Vous me proposez, citoyen général, de vous fournir les moyens de vous assurer de la personne du général Toussaint Louverture. Ce serait de ma part une perfidie, une trahison, et cette proposition, dégradante pour moi, est à mes yeux une marque de l’invincible répugnance que vous éprouvez à me croire susceptible des moindres sentimens de délicatesse et d’honneur. Il est mon chef et mon ami. L’amitié, citoyen général, est-elle compatible avec une aussi monstrueuse lâcheté ?
Les lois dont je viens de vous parler nous ont été promises par la mère-patrie, par la proclamation que ses Consuls nous ont adressée, en nous faisant l’envoi de la constitution de l’an 8. Remplissez, citoyen général, remplissez cette promesse maternelle, en ouvrant à nos yeux le code qui les renferme, et vous verrez accourir près de cette mère bienfaisante tous ses enfans, et avec eux le général Toussaint Louverture qui, alors éclairé comme eux, reviendra de l’erreur où il peut être. Ce ne sera qu’alors que cette erreur aura été ainsi détruite, qu’il pourra, s’il persiste, malgré l’évidence, être considéré comme criminel et encourir justement l’anathème que vous lancez contre lui, et dont vous me proposez l’exécution.

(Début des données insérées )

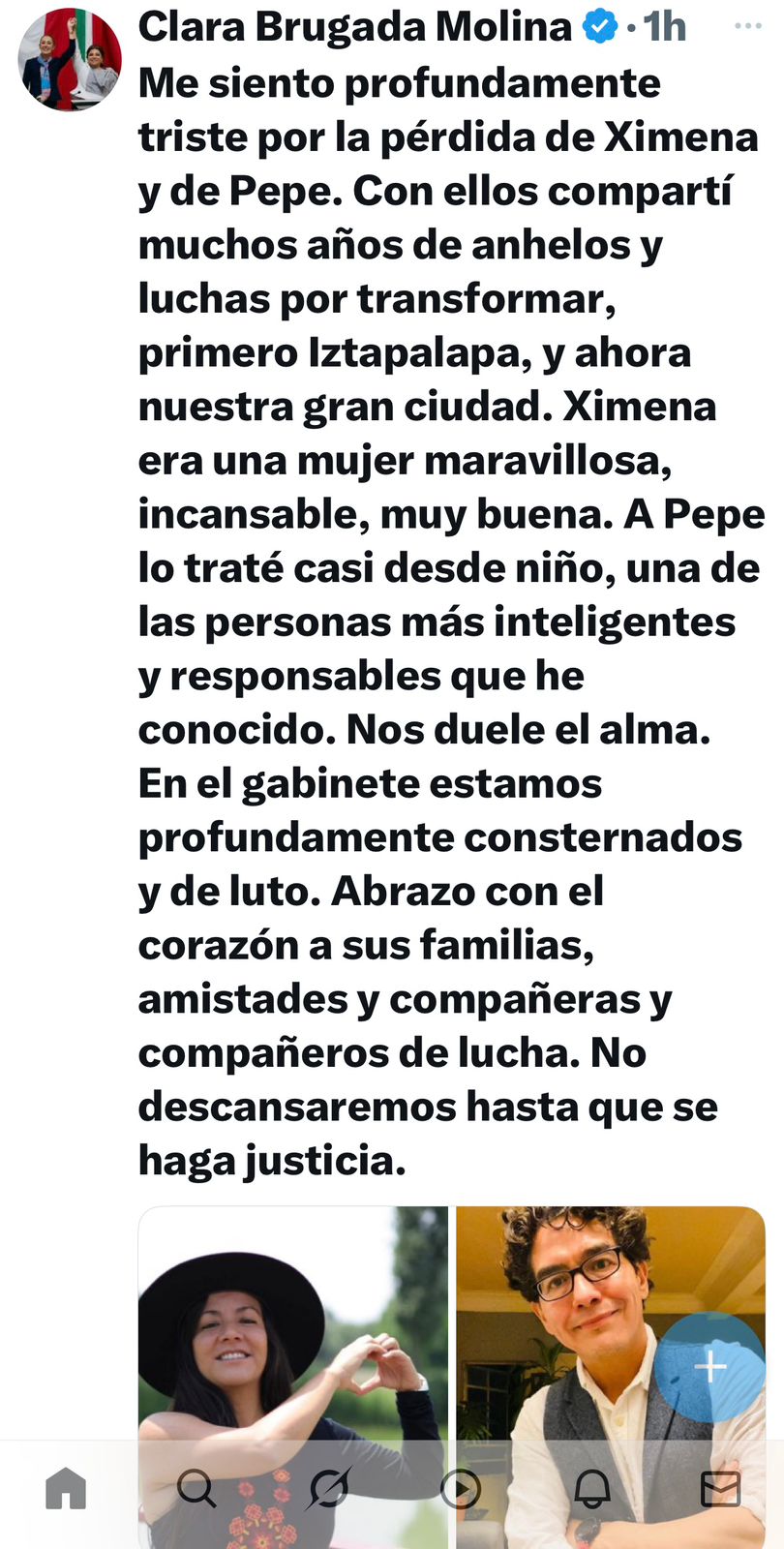 “Mi solidaridad con la jefa de Gobierno de la Ciudad de México, @ClaraBrugadaM, y las familias de Ximena Guzmán y José Muñoz, víctimas de un cobarde asesinato.

Considérez, citoyen général, les heureux effets qui résulteront de la plus simple exposition de ces lois aux yeux d’un peuple jadis écrasé sous le poids des fers, déchiré par le fouet d’un barbare esclavage, excusable sans doute d’appréhender les horreurs d’un pareil sort ; d’un peuple enfin qui, après avoir goûté les douceurs de la liberté et de l’égalité, n’ambitionne d’être heureux que par elles, et par l’assurance de n’avoir plus à redouter les chaînes qu’il a brisées. L’exhibition de ces lois à ses yeux arrêtera l’effusion du sang français versé par des Français, rendra à la République des enfans qui peuvent la servir encore, et fera succéder aux horreurs de la guerre civile la tranquillité, la paix et la prospérité au sein de cette malheureuse colonie. Ce but est digne sans doute de la grandeur de la mère-patrie ; et l’atteindre, citoyen général, ce serait vous couvrir de gloire et mériter les bénédictions d’un peuple qui se complairait à oublier les maux que lui a déjà fait éprouver le retard de leur promulgation.
Songez que ce serait perpétuer ces maux jusqu’à la destruction entière de ce peuple, que de lui refuser la participation de ces lois nécessaires au salut de ces contrées. Au nom de mon pays, au nom de la mère-patrie, je les réclame, ces lois salutaires, et Saint-Domingue est sauvé.
J’ai l’honneur de vous saluer,
Christophe.
Nota : Cette missive a été adressée au général Victor-Emmanuel Leclerc.